The original cost of the TransactionID column for 100 million values is near to 3GB in VertiPaq, whereas the splitted version requires less than 200MB. This is more than 90% saving!

It is possible to further reduce this number by splitting the original column in more than two columns. For example, you can obtain the 3 column version by using this SQL syntax:

SELECT 
    TransactionID / 1000000 AS TransactionHighID, 
    (TransactionID / 1000) % 1000 AS TransactionMidID, 
    TransactionID % 1000 AS TransactionLowID, 
    Quantity, 
    Price 
FROM Fact

And you can also go further with the same technique, up to one column per each digit. We tested the split up to 8 columns and it is interesting to consider no only the storage cost, but also the processing time. The following table shows the results measure on a 8-core server.

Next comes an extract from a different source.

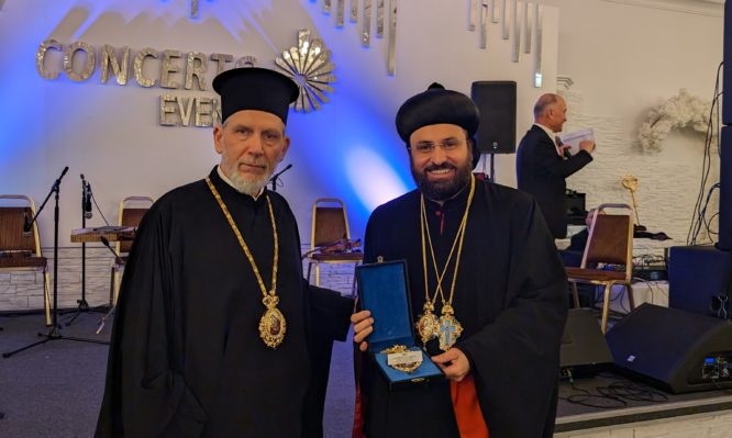 Κατά την διάρκεια της δεξιώσεως, ο Σεβασμιώτατος κ. Κλεόπας προσέφερε στο νέο Επίσκοπο αρχιερατικό εγκόλπιο, τον προσεφώνησε καταλλήλως ,διαβιβάζοντας πρωτίστως τις πατρικές ευχές και τα θερμά συγχαρητήρια της Α.Θ.Παναγιότητος, του Οικουμενικού Πατριάρχου κ.κ. Βαρθολομαίου, για μακρά αρχιερατεία και συνέχιση των αγαστών σχέσεων μεταξύ της Συροϊακωβιτικής Κοινότητος στην Σουηδία και της Επαρχίας του Σεπτού Θρόνου στην Σκανδιναυΐα.
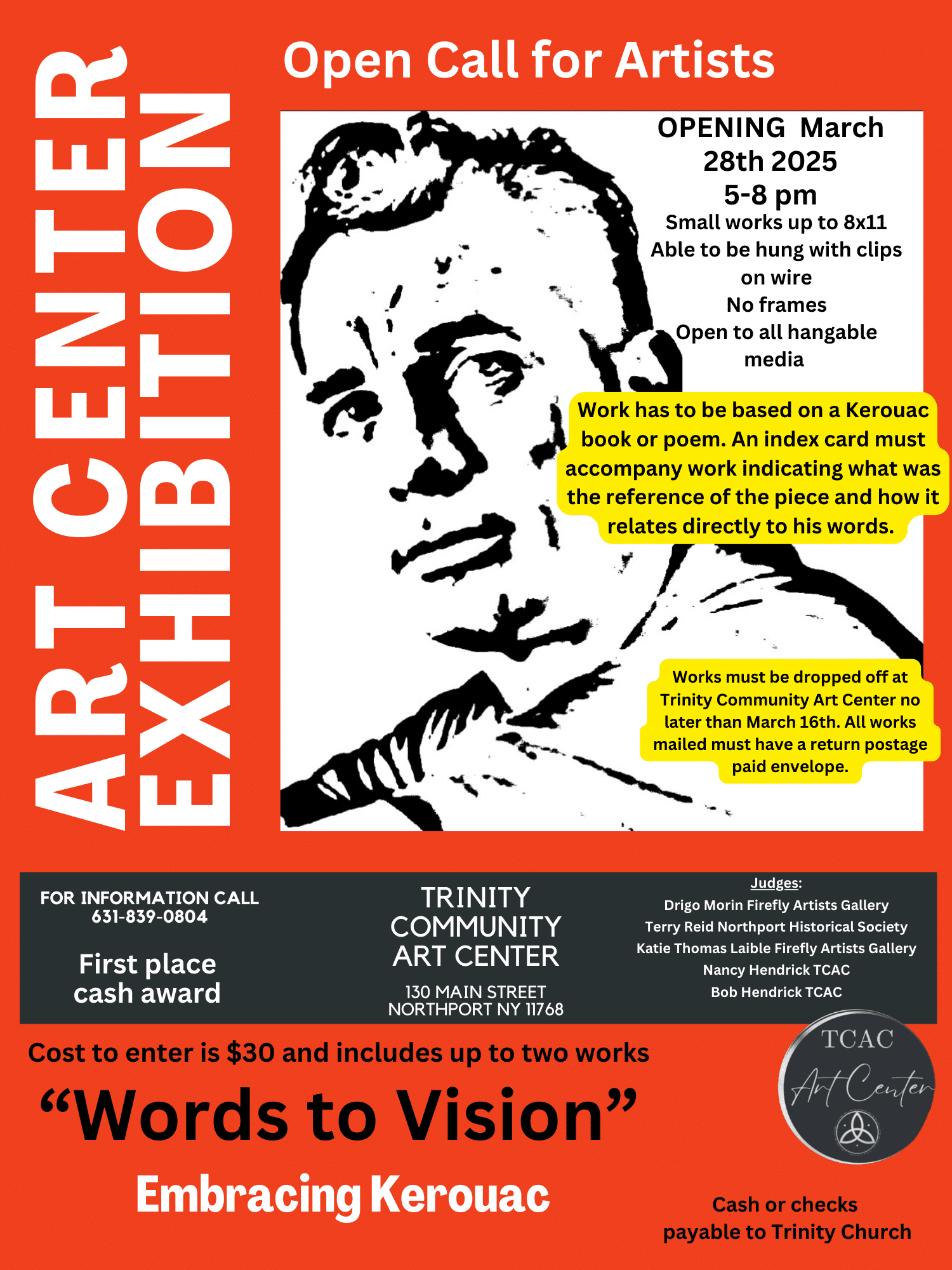 A small works open call for artists embracing the words of Jack Kerouac. The work that cannot exceed 8×10 and cannot be framed. It will be hung on wire. It is recommended to be created on canvas panel, paper, cardboard. Must embrace a part of a poem or book of Kerouac and an index card of what inspired you about specific Kerouac words must accompany piece. Updated delivery date will be the 23rd of March and to all HAC members a reduced participation fee of $20 for 2 pieces. We will have a judging panel of local gallery directors and the Northport historical society. It will be covered by the Northport Observer.

Number of Columns Process Time Cores Used Disk Size
1 (original) 02:48 1

2,811 MB

2 03:21 up to 8

191 MB

3 03:49 up to 8

129 MB

4 04:01 up to 8

97 MB

8 05:32 up to 8

105 MB

As you can see, the processing of a single column is a single-thread operation. Processing the multiple-column version requires more resources and only having multiple cores you will see similar execution times. With a smaller number of available cores, processing would have required longer processing times. However, more complex evaluations should be done in case partitioning is involved and this is out of the scope for this article.

String Columns

You can split a string columns by using the same technique you have seen for INT and BIGINT columns. The only difference is that strings have to be split by using string functions. This is a useful technique in case the TransactionID in your fact table contains non-numeric characters. For example, you can split an alphanumeric TransactionID Column with fixed 10-character length in this way:

SELECT 
    LEFT( TransactionID, 5 ) AS TransactionHighID, 
    SUBSTRING( TransactionID, 6, LEN( TransactionID ) - 5 ) AS TransactionLowID, 
    Quantity, 
    Price 
FROM Fact

The split algorithm for a string column should consider the distribution of the final result, in order to populate two smaller dictionaries in order to obtain a good space saving.

Conclusion

High cardinality columns in PowerPivot and BISM Tabular models can be particularly expensive. The best practice is to remove them from the model, especially when these columns are not relevant for data analysis, such as a GUID or timestamp of a SQL Server table. However, whenever the information they contain is required, you can optimize these columns by splitting the value in two or more columns with a smaller number of distinct values. This will require some more effort when accessing the column value, but the saving can be so high in large tables that it could definitely worth the effort.